How do you propagate hens and chicks?
The easiest way to multiply hens and chicks is through division in spring. Part of the cushion is cut off and moved to a new, equal place. Side rosettes can also be removed and rooted in the propagation soil during spring.
How to separate hens and chicks plants?
The chicks (offsets or offshoots) are usually small, fully formed plants. These arise from the main shoot of the mother plant (hen) and are used for vegetative reproduction. In succulents, they sometimes also grow at the end of a short side shoot. The offshoots in hens and chicks are connected to the mother plant at the base.
When propagating with offsets you should make sure that the offsets have already reached a sufficient size and have some well-developed leaves before being separated from the mother plant. When the selected offshoot has reached the right size, carefully separate it from the mother plant with a sharp knife disinfected in spirit (alcohol). Make the cut as close as possible to the main shoot of the mother plant without damaging it too much.
Place the separated offshoot a few centimeters deep in the potting soil and press on carefully from all sides. Larger and top-heavy chicks can be protected from falling over with a bamboo stick until they have sufficient roots.
Water the substrate sparingly until it starts rooting, which is evident from the first new shoot. The potting soil should only be slightly moist. If you keep the potting soil too wet at the beginning, the offsets will not grow but only rot away. A temperature range of 19 to 23°C is ideal for rooting most hens and chicks offsets.
In the beginning, the newly planted chicks must not be exposed to direct sunlight.

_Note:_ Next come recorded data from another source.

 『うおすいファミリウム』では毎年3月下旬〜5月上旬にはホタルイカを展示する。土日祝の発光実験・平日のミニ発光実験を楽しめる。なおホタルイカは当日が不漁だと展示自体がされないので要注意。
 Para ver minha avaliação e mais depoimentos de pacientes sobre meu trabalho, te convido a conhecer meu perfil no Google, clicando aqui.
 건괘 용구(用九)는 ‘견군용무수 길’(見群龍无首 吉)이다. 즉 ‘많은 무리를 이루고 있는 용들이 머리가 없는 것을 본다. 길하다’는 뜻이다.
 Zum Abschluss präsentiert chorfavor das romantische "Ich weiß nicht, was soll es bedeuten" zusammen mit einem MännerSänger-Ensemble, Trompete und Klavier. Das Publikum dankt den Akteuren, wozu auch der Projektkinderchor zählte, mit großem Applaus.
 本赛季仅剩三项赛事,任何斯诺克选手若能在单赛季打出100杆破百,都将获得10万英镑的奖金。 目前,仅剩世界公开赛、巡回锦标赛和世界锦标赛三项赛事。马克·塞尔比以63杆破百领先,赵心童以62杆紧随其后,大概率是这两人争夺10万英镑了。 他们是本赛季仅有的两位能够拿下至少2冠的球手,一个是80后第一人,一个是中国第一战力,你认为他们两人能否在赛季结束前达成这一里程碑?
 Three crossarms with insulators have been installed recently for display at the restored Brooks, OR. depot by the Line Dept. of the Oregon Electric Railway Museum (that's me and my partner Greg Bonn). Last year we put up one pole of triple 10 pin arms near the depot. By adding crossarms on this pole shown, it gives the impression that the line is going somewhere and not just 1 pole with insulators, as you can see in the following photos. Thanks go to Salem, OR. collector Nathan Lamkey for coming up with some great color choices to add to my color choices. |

As the roots are still missing or only sparsely developed, the young plants are not yet able to meet the increased water requirements caused by the sun. Therefore, give the offshoots a location with medium light conditions until the roots are formed.
Growing hens and chicks from seed
If you are patient, you can try hens and chicks seed propagation. The best time to sow is from the end of December to February, because the succulent plant is one of the winter growers.

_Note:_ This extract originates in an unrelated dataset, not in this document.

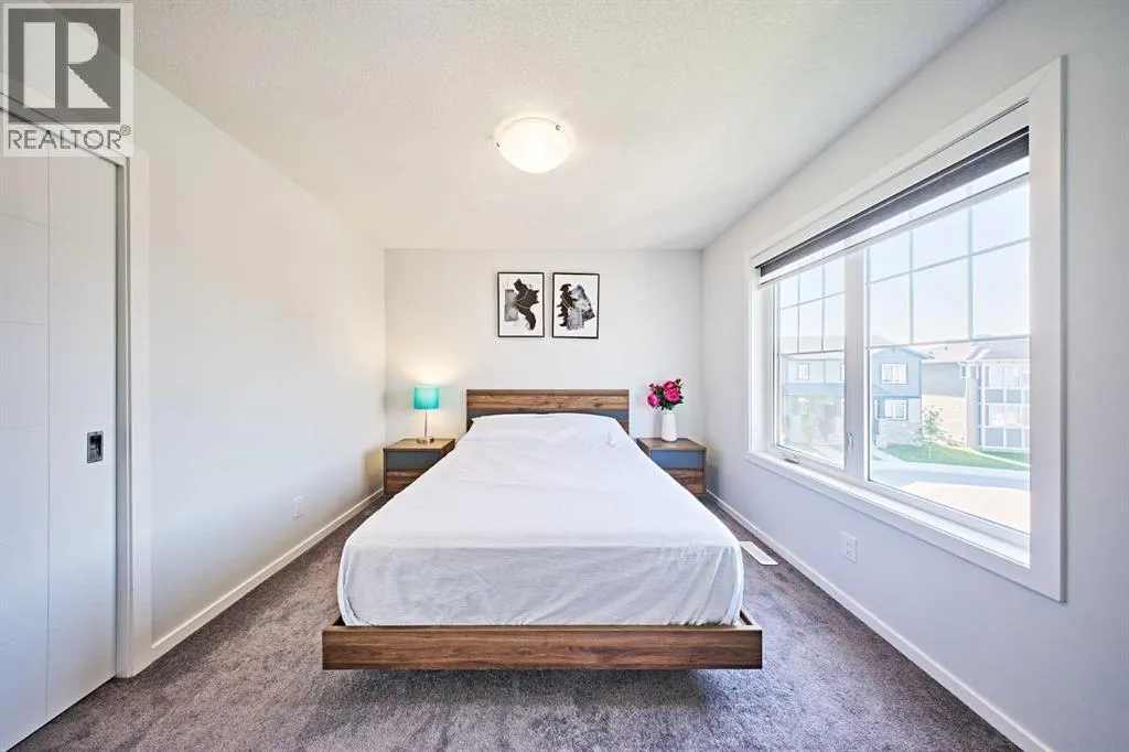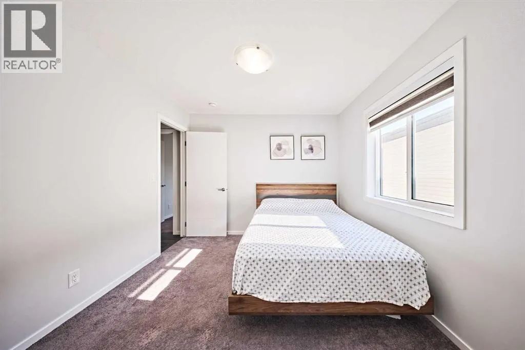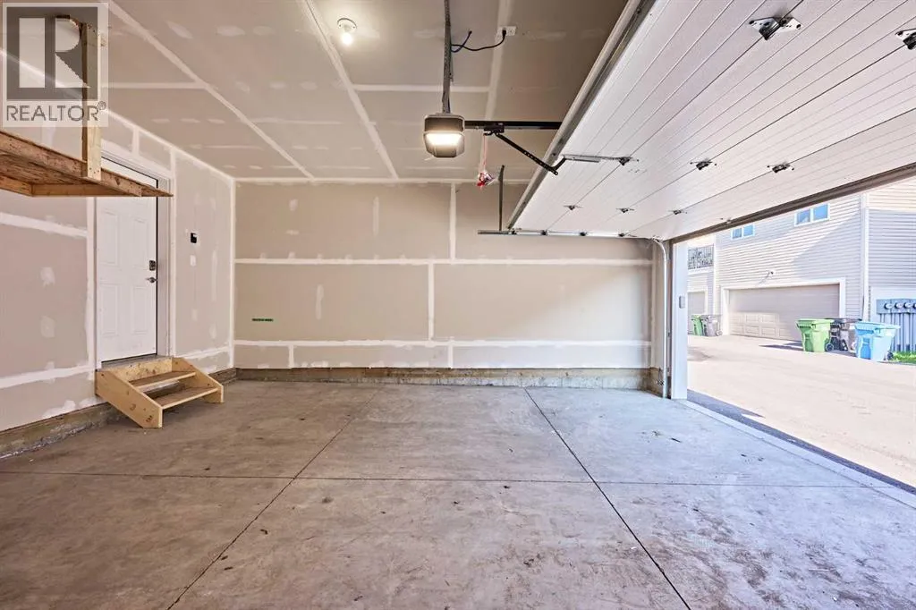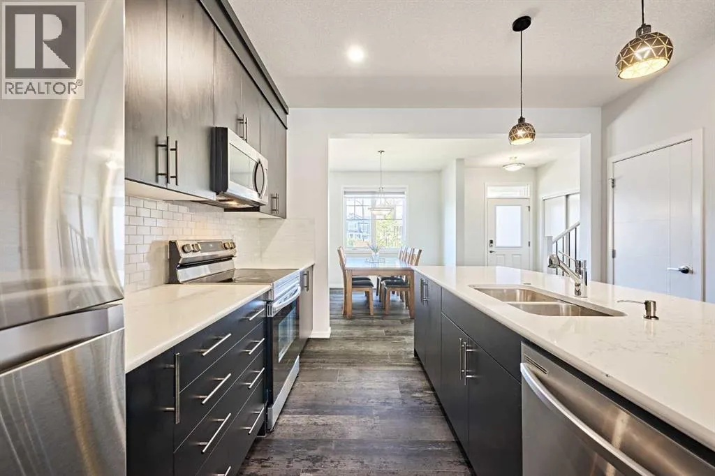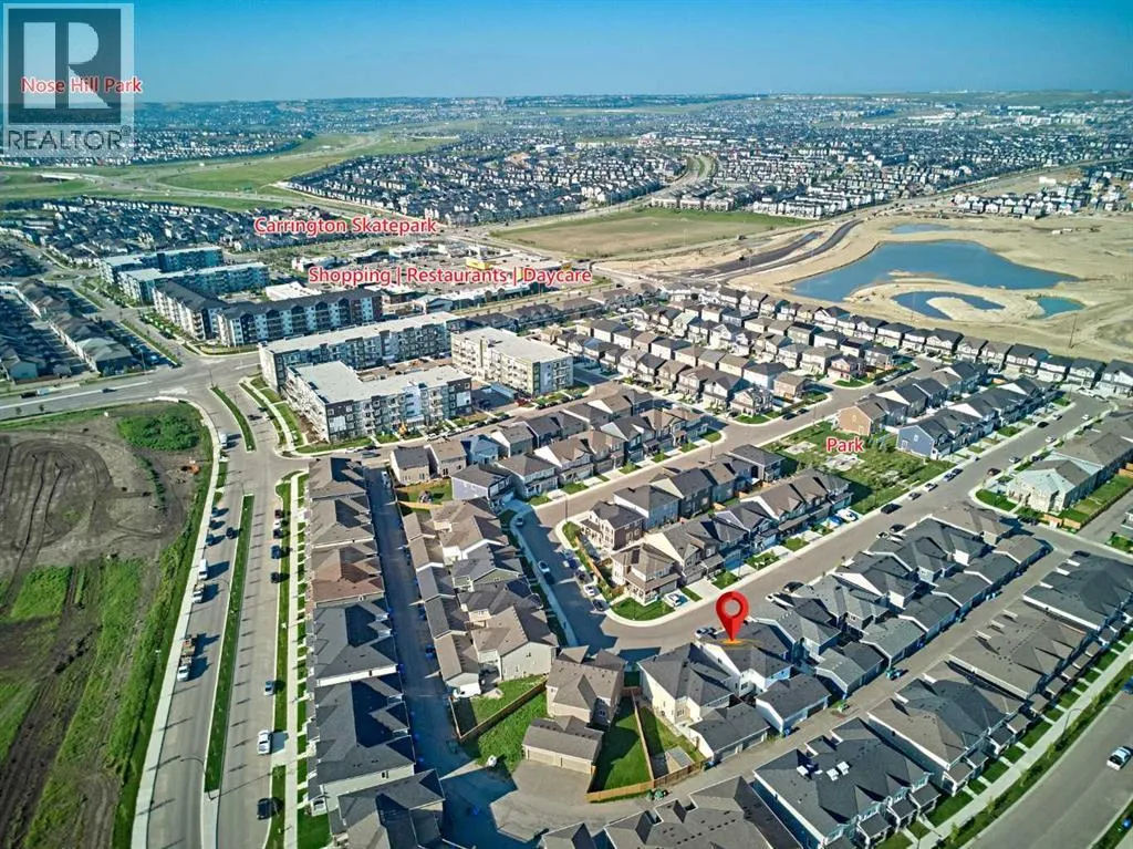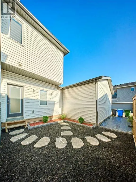 This beautifully upgraded duplex in Carrington offers stylish living with exceptional features throughout.Step through the porch into a spacious front entry, complete with a large closet â perfect for coats and shoes. From there, you're welcomed into a bright open-concept main floor that seamlessly connects the living room, dining area, and a stunning kitchen featuring a huge quartz island, ceiling-height cabinets, and a custom backsplash. The living room showcases a sleek dark-themed feature TV wall with an electric fireplace, adding a modern and elegant touch.At the back of the home, the mudroom provides direct access to the garage, keeping your space organized and functional.Head upstairs via the upgraded railing, where the primary bedroom boasts a spacious 5-piece ensuite, while two additional bedrooms share another full bathroom. Both bathrooms are upgraded with double vanities and granite countertops. A bright, windowed laundry area completes the upper level.The flooring throughout the main and upper levels is modern luxury vinyl plank, while all bedrooms are finished with stylish and comfortable carpet.The private backyard has just been finished with professionally designed new landscaping, creating the perfect outdoor retreat. The unfinished basement (over 750 sq. ft.) is ready for your personal touch, offering endless potential. Located in a prime area of Carrington, this home is close to future commercial developments and offers convenient access to grocery stores, shopping, dining, parks, and more. Additional upgrades include central A/C installed in 2023, new roof and siding installed in 2024, and a garage door upgrade completed in 2025. (id:27476)

To begin, sow the fine seeds in slightly moist soil and place the growing containers outdoors.
You can also break the seed dormancy all year round in the refrigerator. Put the seeds sown in moist soil in a bag in the vegetable drawer of your refrigerator for several weeks.
What types of hens and chicks are there?
Pure types are less common than the numerous varieties of hens and chicks. There is an unmanageable variety of cultural forms, because they cross each other very willingly and always form new hybrids.

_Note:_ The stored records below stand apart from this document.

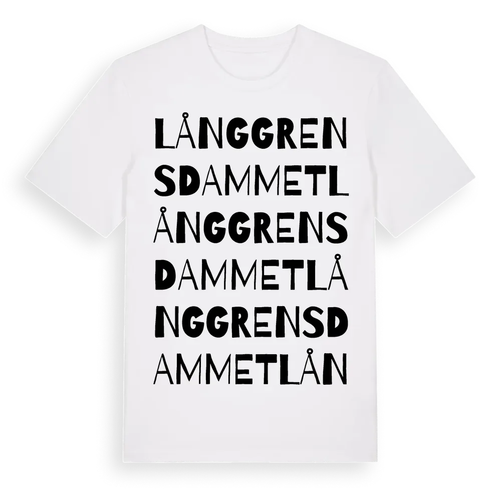 Långgrensdammet ordlek t-shirt är inspirerad av Långgrensdammet i Västernorrlands län, Sverige. Tröjan är designad för dig som har en speciell koppling till platsen – oavsett om du bor här, har rötterna här eller bara älskar Långgrensdammet.
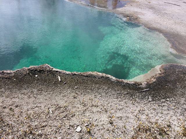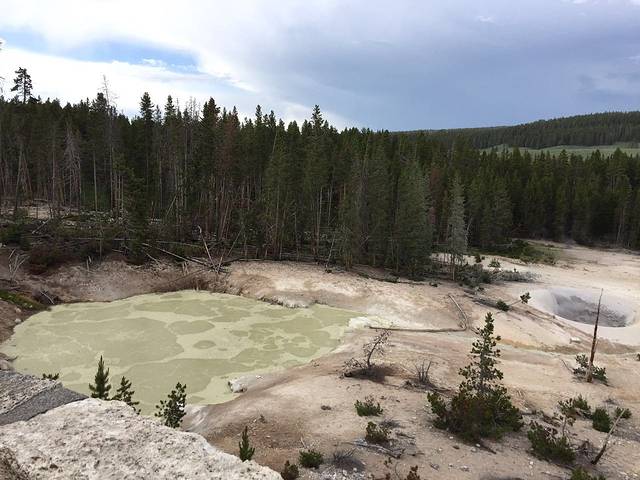 第一个景点就是west thumb geyser basin。比较之后的感觉这里应该是间歇泉眼最多的地方了,五颜六色的,对于我们刚刚到达这里的人倍感兴奋和惊奇,一个个泉眼冒着热气,五颜六色的,大多数都冒着各种各样的泡,非常漂亮和神奇。
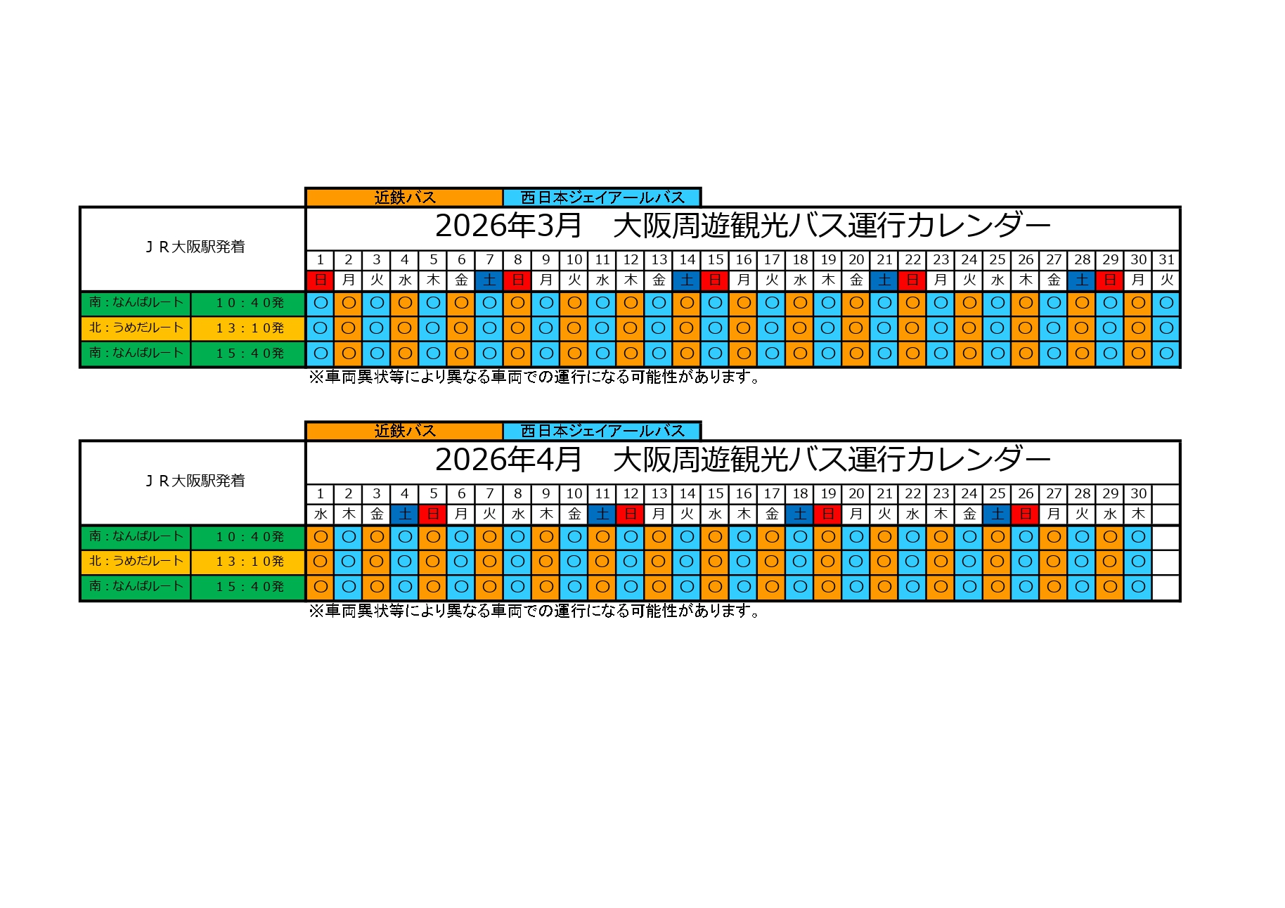 運行カレンダー
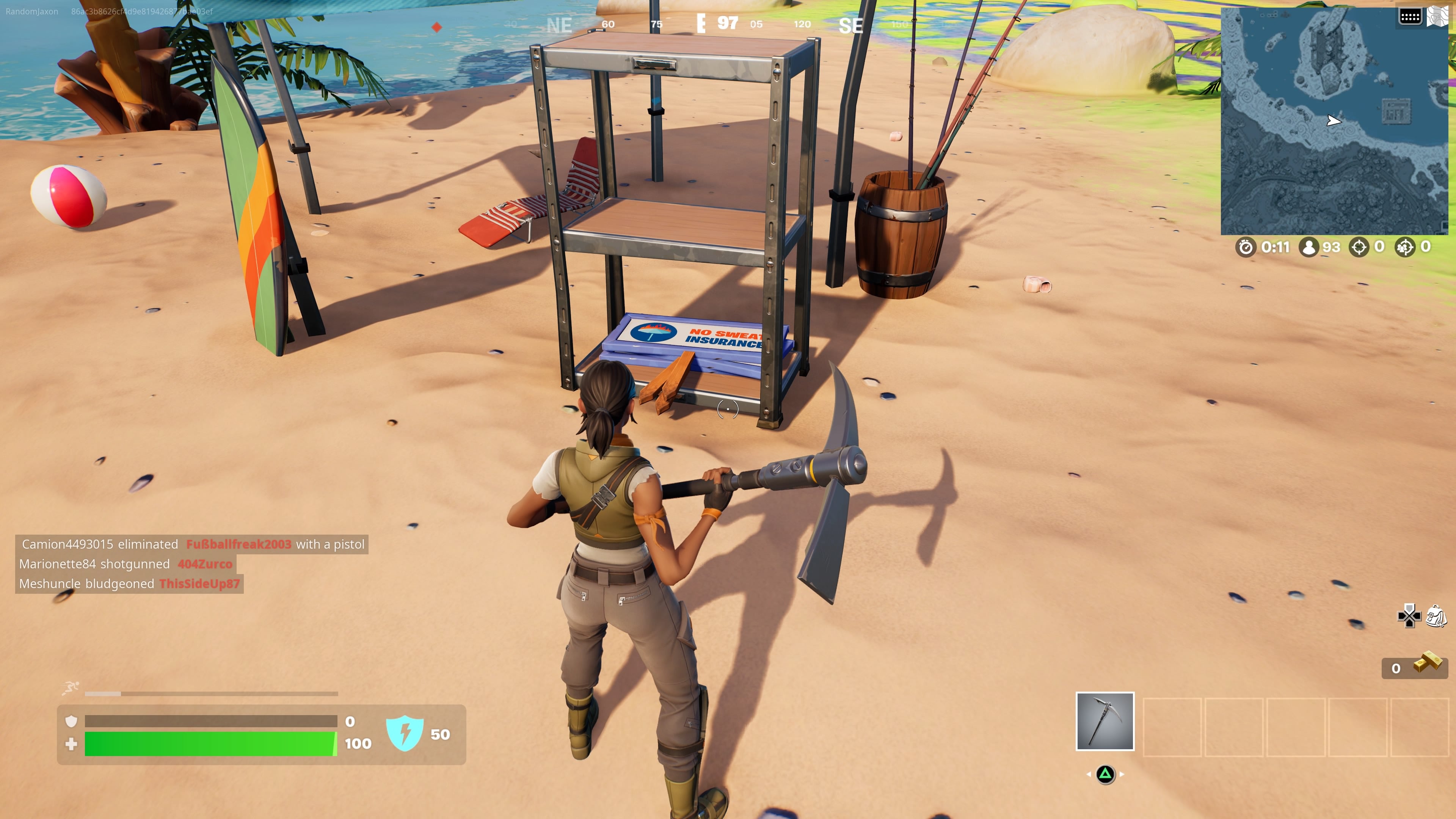 This quest has two steps, both of which are fairly simply. First off, jump into any game of Fortnite and head to the beaches either East of Sanctuary or Sout hof Shifty Shafts. Once there, you’ll find several sign racks across the beach where the No Sweat signs can be found.

- Sempervivum arachoideum (cobweb houseleek) – distinctive species with cobweb-like hairs over the rosettes. Sensitive to winter wetness.
- Sempervivum giuseppii – vigorous houseleek from SW Europe with small, spherical rosettes
- Sempervivum montanum (mountain houseleek) – native species from Central Europe with star-shaped rosettes. Tends to hybridize.
- Sempervivum tectorum (common houseleek) – Well-known and widespread species with open, green rosettes that overflow with purple.
Are hens and chicks plants poisonous?
Hens and chicks plants are not poisonous, but like other thick leaf plants, if overdosed, it can lead to vomiting, nausea and mild symptoms of poisoning.